____ Data shown

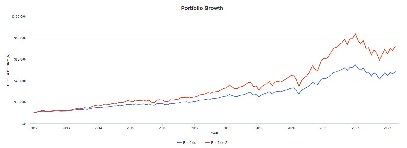 비교는 다음 두 포트폴리오이다.(연 1회 리밸런싱)
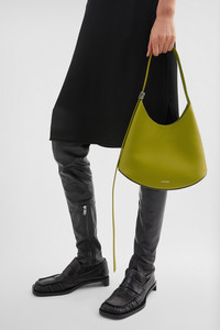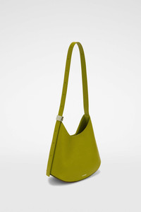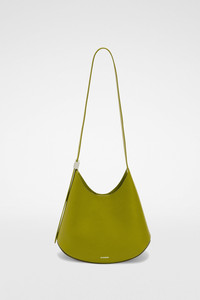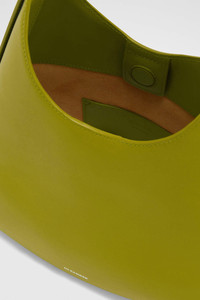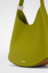 Small-sized leather shoulder bag with metal jewel buckle, curved base in contrasting leather and embossed Jil Sander logo Details - adjustable leather shoulder strap with metal jewel buckle - inner flat leather pocket with blind embossed Jil Sander logo - magnetic button closure - curved base in contrasting leather - suede lining - embossed Jil Sander logo - smoothed plain calf body - vegetable-tanned leather base - 100% calf leather - made in Italy - StyleID: J08ZH0062P8354321
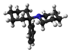Fenciclidina (PCP, fenilciclohexilpiperidină, denumită și „praful îngerilor”, engleză angel dust)[8] a fost utilizată în trecut ca anestezic general, iar în prezent se utilizează recreațional ca drog.[9] Induce halucinații, percepție alterată auditivă și comportament violent.[10] Este administrată de obicei prin fumat, dar se poate administra și oral, insufla sau injecta.[11]
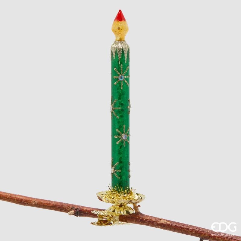 BOUGIE EN VERRE PAILETTÉE AVEC CLIP À FIXER H18 / VERT
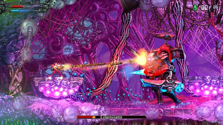 Механика боя напоминает переплетение из Contra, Blasphemous и подобных последнему боевых платформеров нашего времени, где разрешено парирование атак. Наш металхед способен растирать врагов на паштет залпами дальнобойного оружия, либо реализовывать качественную нарезку ломтями в ближнем бою. Оба метода способны эффективно устранять цели при условии своевременной прокачки используемого инструмента.
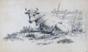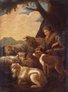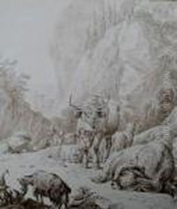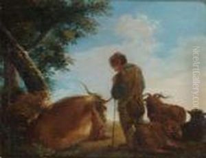 A Shepherd Leaning On A Rock While Lookingafter His Goats, Sheep, Bull And Calf
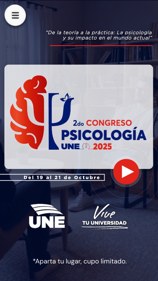 ¿Qué lugar ocupa la psicología en el mundo que habitamos? En el segundo congreso Psicología UNE 2025, te invitamos a descubrir cómo las distintas ramas de la psicología están transformando realidades, retando paradigmas y abriendo nuevas posibilidades de intervención. A través de conferencias magistrales, talleres prácticos y foros de diálogo con especialistas, exploraremos temas que van desde la psicología social y comunitaria, hasta la psicología del deporte, forense, organizacional, de la salud y la tanatología, incluyendo el fascinante vínculo entre la neuropsicología y la inteligencia artificial. Este congreso no solo busca ampliar tu conocimiento, sino inspirarte a pensar, cuestionar y actuar. Porque la psicología no se queda en el aula: vive en cada contexto, cada persona, cada historia. Da el paso de la teoría a la práctica y descubre tu impacto como futuro profesional de la salud mental.
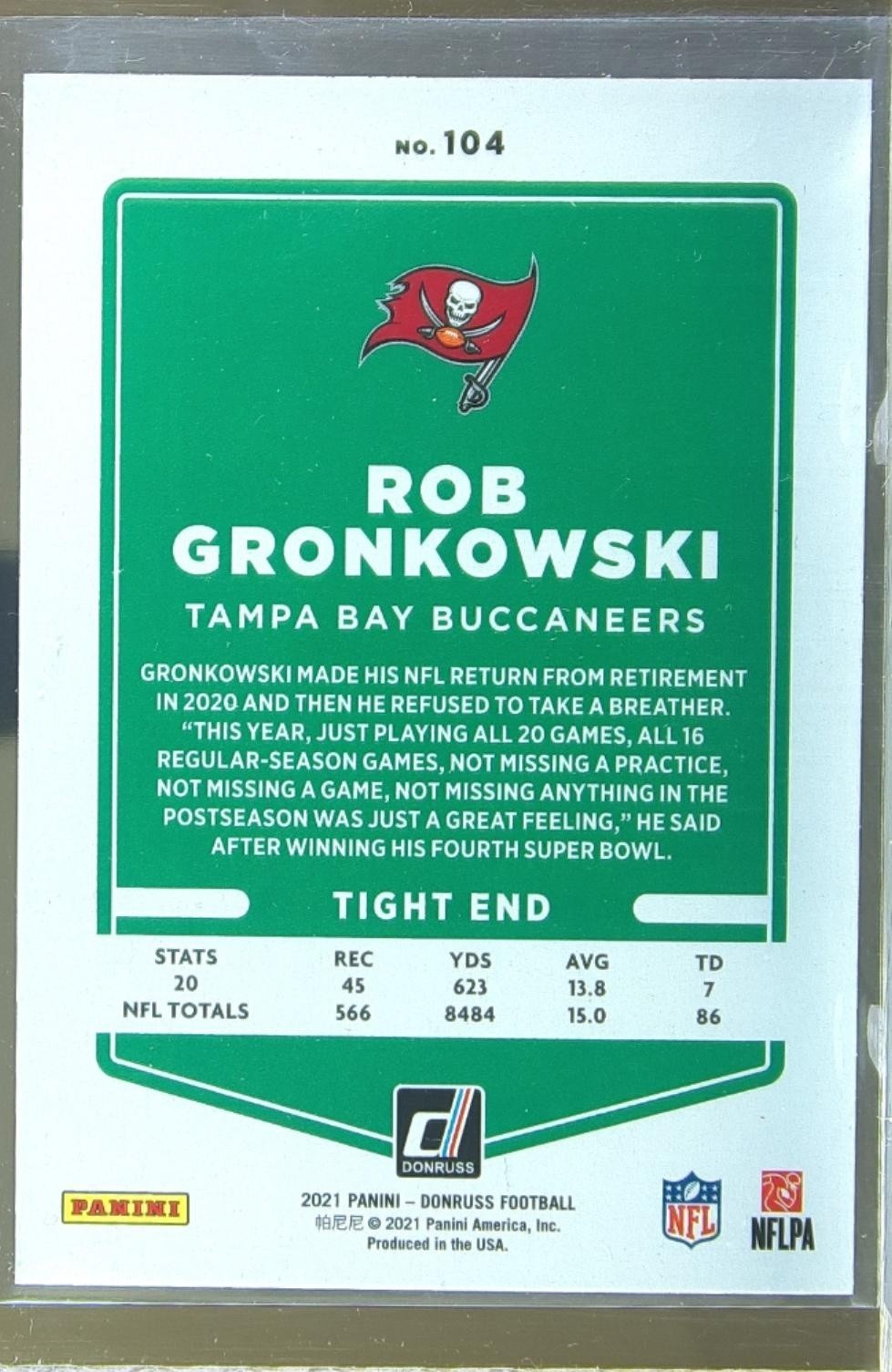 2021 Donruss Rob Gronkowski Press Proof Blue #104 Buccaneers

________

**Assignment**
Within the listing above, the stretch from the line with "Fenciclidina (PCP, fenilciclohexilpiperidină, denumită" down to the line with "A Shepherd Leaning" is to be given again exactly, end lines included and pictures excluded.

**Expected output**
Fenciclidina (PCP, fenilciclohexilpiperidină, denumită și „praful îngerilor”, engleză angel dust)[8] a fost utilizată în trecut ca anestezic general, iar în prezent se utilizează recreațional ca drog.[9] Induce halucinații, percepție alterată auditivă și comportament violent.[10] Este administrată de obicei prin fumat, dar se poate administra și oral, insufla sau injecta.[11]
 BOUGIE EN VERRE PAILETTÉE AVEC CLIP À FIXER H18 / VERT
 Механика боя напоминает переплетение из Contra, Blasphemous и подобных последнему боевых платформеров нашего времени, где разрешено парирование атак. Наш металхед способен растирать врагов на паштет залпами дальнобойного оружия, либо реализовывать качественную нарезку ломтями в ближнем бою. Оба метода способны эффективно устранять цели при условии своевременной прокачки используемого инструмента.
 A Shepherd Leaning On A Rock While Lookingafter His Goats, Sheep, Bull And Calf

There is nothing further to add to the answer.